In such wise does this prophet link together in marvellous discourse the old and the new: the fate of the Chaldeans and of all other nations, the calling of the mighty ones of the time, and the apparently insignificant but eternal destiny of Israel, still bowed so low, and pining in gloom and misery. But meanwhile, long seasons passed before the new great power of the world drew near to the conquest of Babylon, or indeed, of Egypt either (for the prophet had distinctly foretold that she, too, would have to submit). The fulfilment seemed to be delayed, and the sufferings on the one hand, and discontented dejection on the other, increased in Israel. On this the same great Unnamed felt himself impelled once more to lift up his voice, and in another great work to hold up before Israel its ideal type and its actual perversions far more clearly and impressively than before. As everything presses on to the final crisis, the deepest tones become audible,nor is there in the whole range of the Old Testament another piece which speaks of Israel with more heartfelt earnestness, and strives with greater power to raise it from its material depths to its purest spiritual height.
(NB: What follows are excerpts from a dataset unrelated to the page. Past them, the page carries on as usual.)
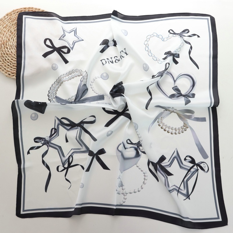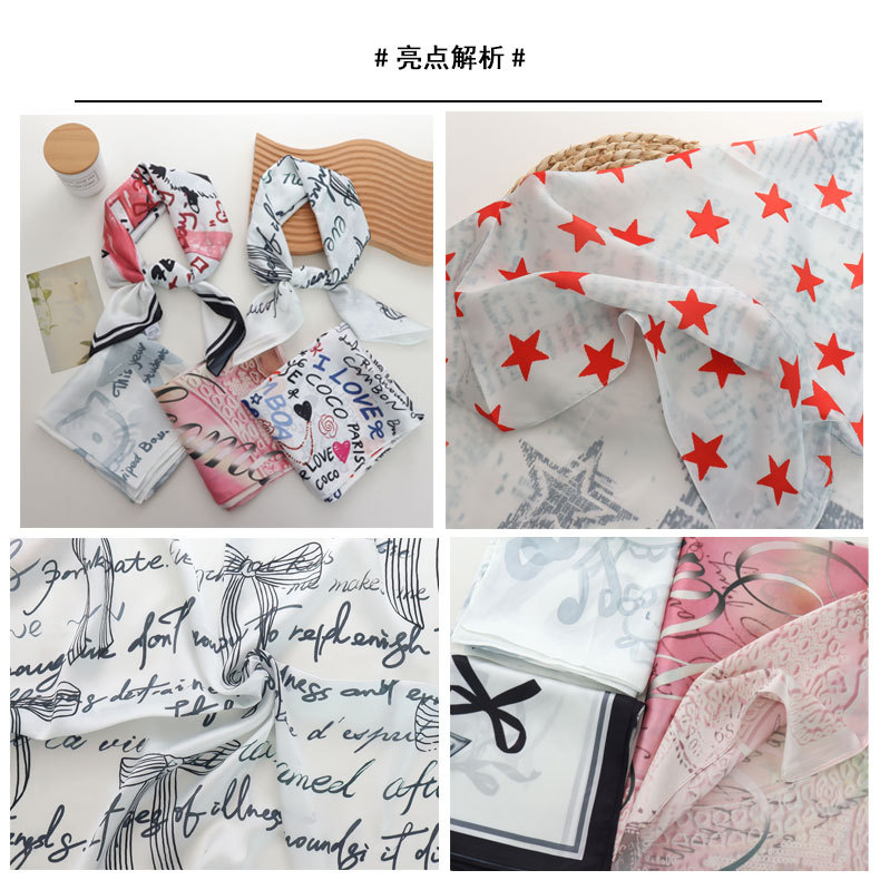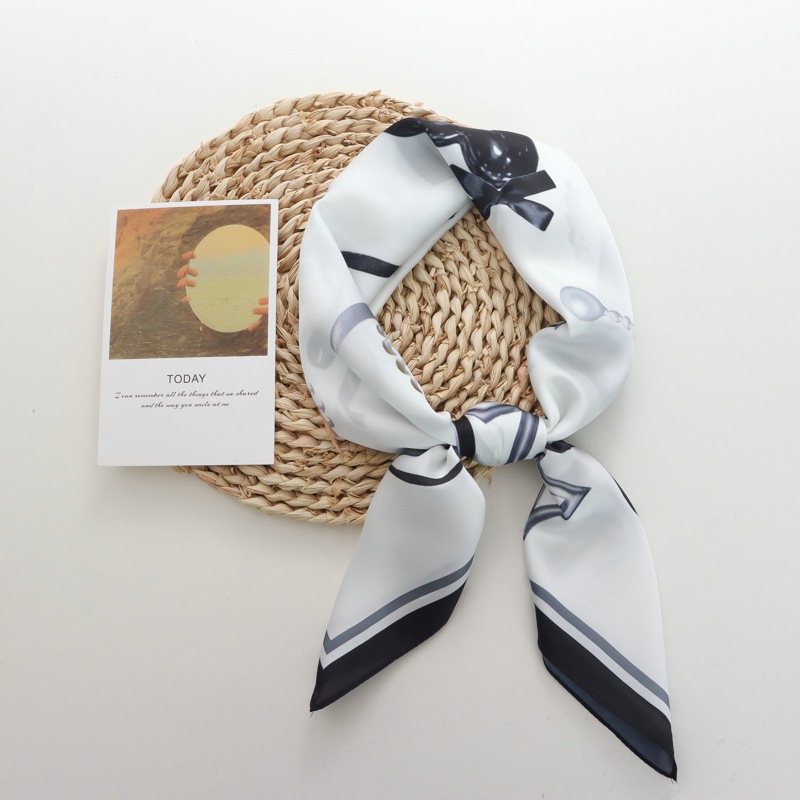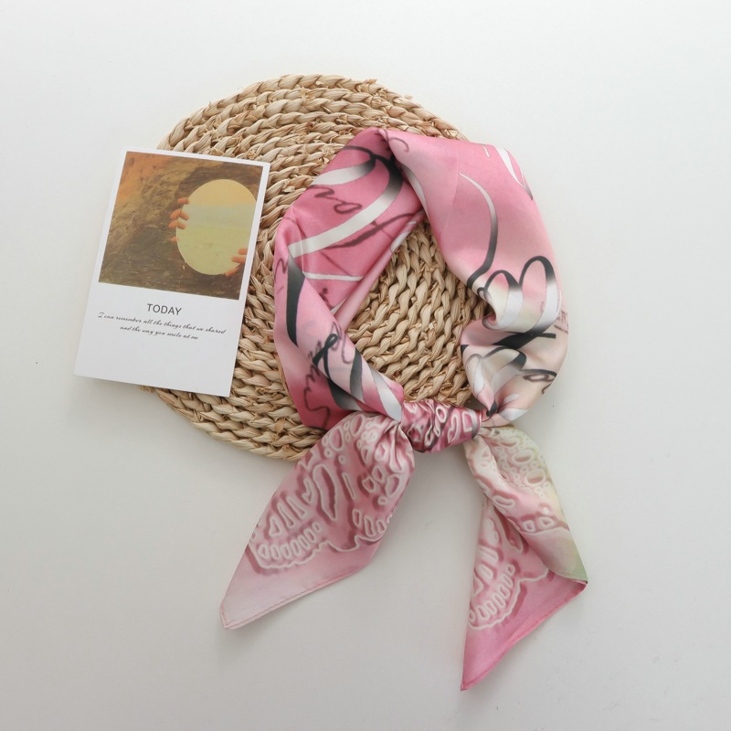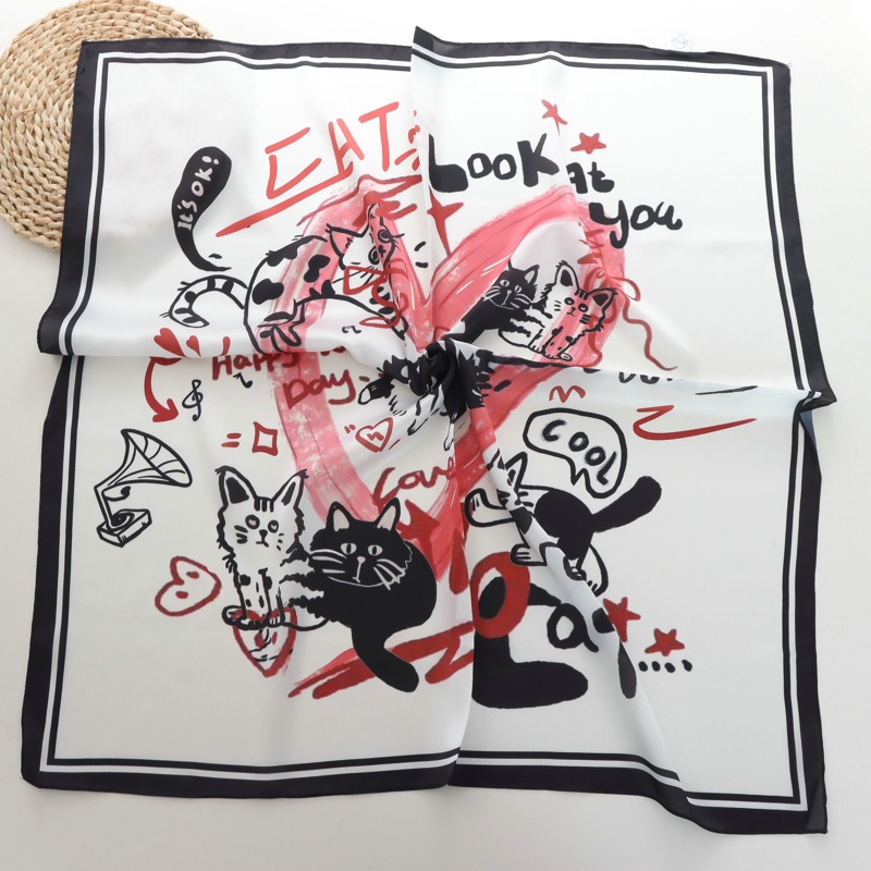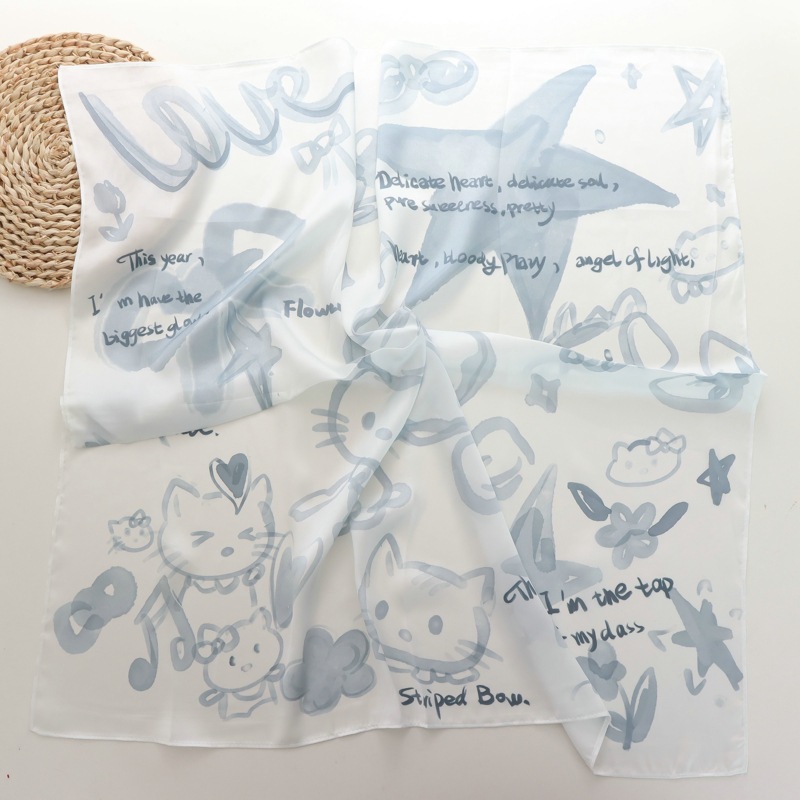 여성을위한 만화 컬러 낙서 스카프 2025 새로운 스타일 넥 타이 하이 엔드 스카프 얇은 튜브 탑 작은 사각형 스카프 장식 유행스토어 가기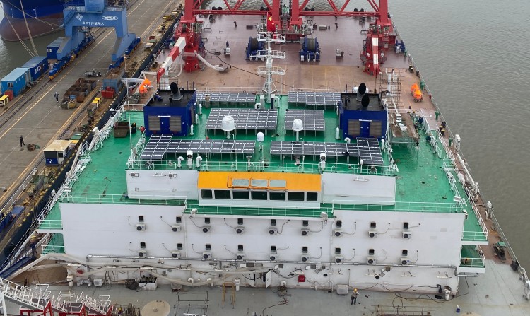 “二航卓越”起重船生活区顶部安装的光伏板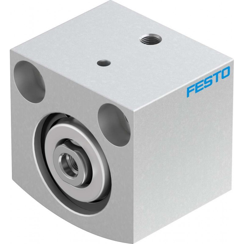 Festo AEVC sorozatú egyszeres működtetésű (nyomó) rövidlöketű henger, dugattyú átmérő 25 mm, lökethossz 10 mm. Rugalmas csillapító gyűrűkkel mindkét végén, üzemi nyomás 1.5 bar ... 10 bar, pneumatikus csatlakozás M5.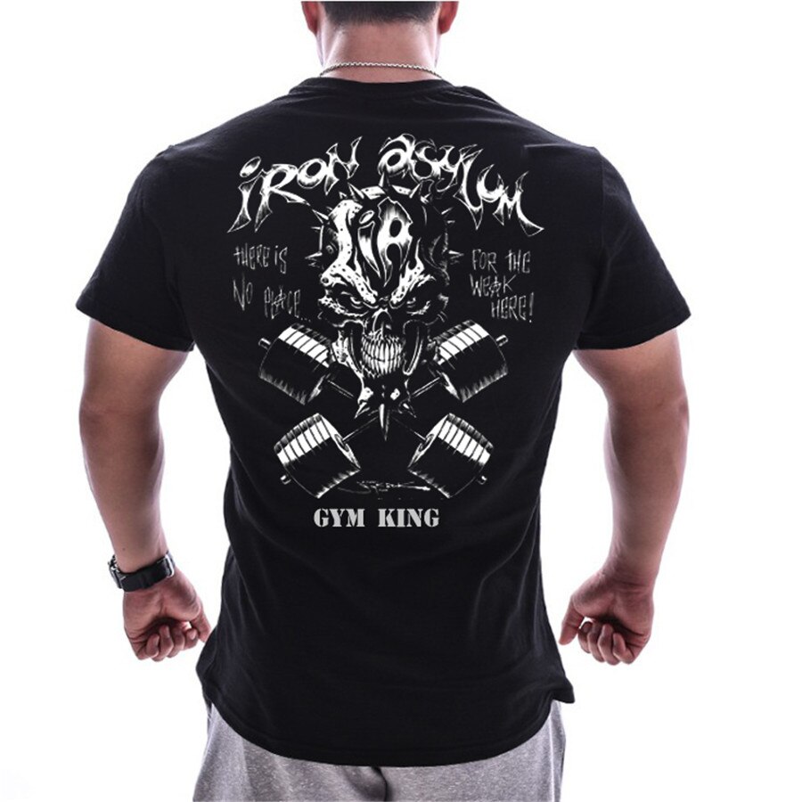 Mens Running Sport Cotton T-shirt Gym Fitness Bodybuilding Skinny Print t shirt Summer Male Jogging Training Tee Tops Clothing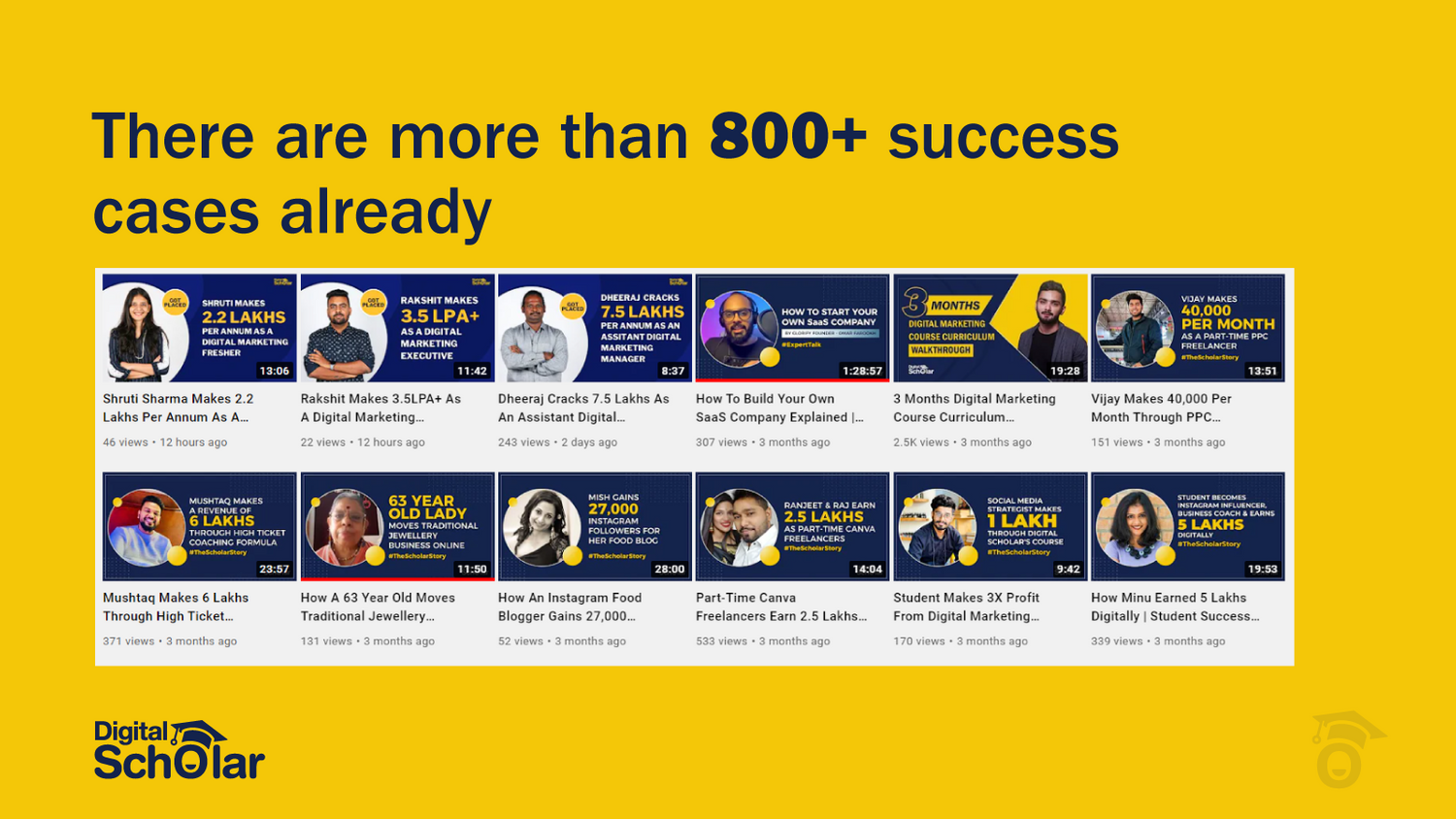 The Team of Digital Scholar has spent over $5million in paid ads in last 1 year, generated over 1 million instagram followers and youtube subscribers for clients and a lot more. We are practitioners first.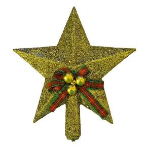Estrela ponteira para topo de árvore de natal art christmas glitterado com laço 15 cm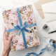 Magnifique papier d'emballage cadeau tout temps parfait pour les mariages, anniversaires et anniversaires. Comprend un arrière - plan de pêche rustique léger avec des éléments botaniques abondants de pivoine, d'anémone, d'hellebore et d'eucalyptus. Une partie de la collection Peony Garden Wedding.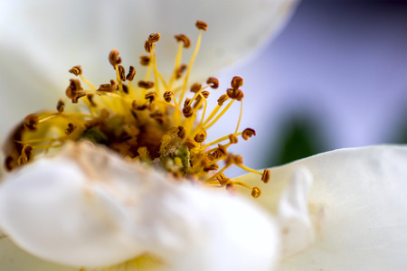 white rose with stamens close-up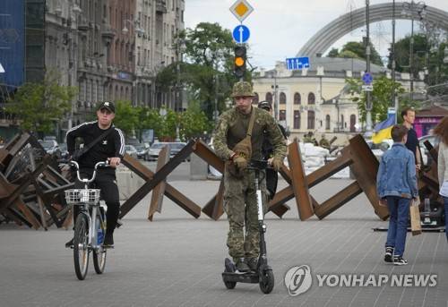 A Ukrainian soldier rides a scooter in front of anti-tank hedgehogs in central Kyiv, Ukraine, Saturday, May 14, 2022. (AP Photo/Efrem Lukatsky)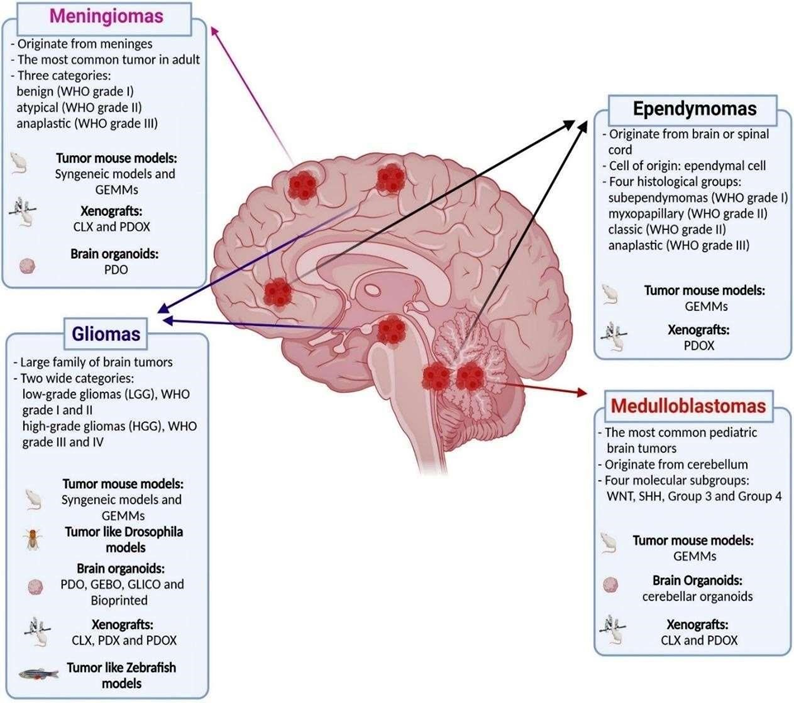 Brain tumors are growths that develop inside the brain due to cells growing in an abnormal and uncontrolled way. They are a mixed group of tumors, and each type grows and behaves differently. They also have different chances of survival and different treatment options. However, their symptoms, basic tests for diagnosis, and first steps of treatment are mostly similar for all types. Brain tumors can be classified in different ways, such as by the type of cell they come from, where they are located, how they behave, and their grade (how fast they grow). These classifications help doctors understand the type of tumor and how to treat it. Some important types of brain tumors include:

Meanwhile, in all the countries in which members of the ancient people dwelt at all near together, the tension must constantly have risen higher and higher amongst them also; and no wonder that even the predictions of the earlier prophets were now sought out and read with an intensity of interest never felt before, or were even employed and worked up afresh. In his second work, the great Unnamed himself inserts long passages from older prophetic books, just as they seemed appropriate to his subject. A second unnamed writer, who lived somewhere in the holy land itself, published the book of Jeremiah, enlarged by the addition of a new section, and worked up afresh in some passages. This publication took place when Cyrus had already advanced to the siege of the outworks of Babylon; and he must, as we know, have spent several years in bringing this formidable siege to a conclusion. At that time the most various reports and counter-reports, anticipations and apprehensions, were flying about, and doubts were still entertained in many quarters whether the Chaldean empire would really collapse, and the walls and other defences of Babylon, the strength of which had even become proverbial, fall before the hosts of Cyrus. All the more emphatically, therefore, does this prophet promise their immediate fall, and the final and well-merited punishment of the superstition and cruelty of the Chaldeans. On the other hand, he urges the members of Jahveh's people who still dwelt there boldly to flee from a city in which the exiles and captives of many conquered nations had already been sighing for deliverance only too long; and he clothes the whole in the form of an oracle of Jeremiah himself, because many of the exiles in Babylon may have endeavoured to shield their faint-heartedness under the words in which Jeremiah had once exhorted them to submit quietly to the supremacy of the Chaldeans. Later on, when no obstacle stood any longer in the way of the return of Israel, this same disciple of the prophets, it seems, re-issued a very considerable section of the book of Isaiah, with the addition by himself of an appendix of joyous promises, in which many of the thoughts of the great Unnamed recur, as if meanwhile the writings of the latter had already become known in wider circles.

 

3.

The Liberation by Cyrus.

 

In the first year of Cyrus, King of Persia (for in reference to all the Syrian countries the first year of his reign could only begin with the destruction of the Babylonian empire), that his word spoken by Jeremiah might be fulfilled, Jahveh stirred up the spirit of this king, so that he caused a royal proclamation to be published throughout all his kingdom, that "Jahveh the God of Heaven had given him dominion over the world, and had charged him to build up his sanctuary in Jerusalem again; all the members of his people, therefore, who still remained, might return thither in order thus to build the Temple, assisted in every mariner by those amongst whom they had hitherto lived." Such is the account of the Chronicler. This method of representation is followed out still further by a later writer, of whom we shall see more hereafter as a Hellenistic narrator of the Perso-Hebrew history, and whose words have been preserved by Fl. Josephus. He relates that Cyrus had read the oracles of Isaiah concerning himself, delivered two hundred and ten years previously, in which it was foretold that he would rebuild the sanctuary in Jerusalem, and was led in consequence to form this determination, actually assigning it in his public proclamation as the principal ground of his relations with Israel. This Hellenist then transferred to his historical narrative what was read in his time in the book of Isaiah as we now have it, with the interpretation which was then put upon it, although a more accurate investigations has shown us that the passages in the book of Isaiah here referred to originated no earlier than with the great Unnamed.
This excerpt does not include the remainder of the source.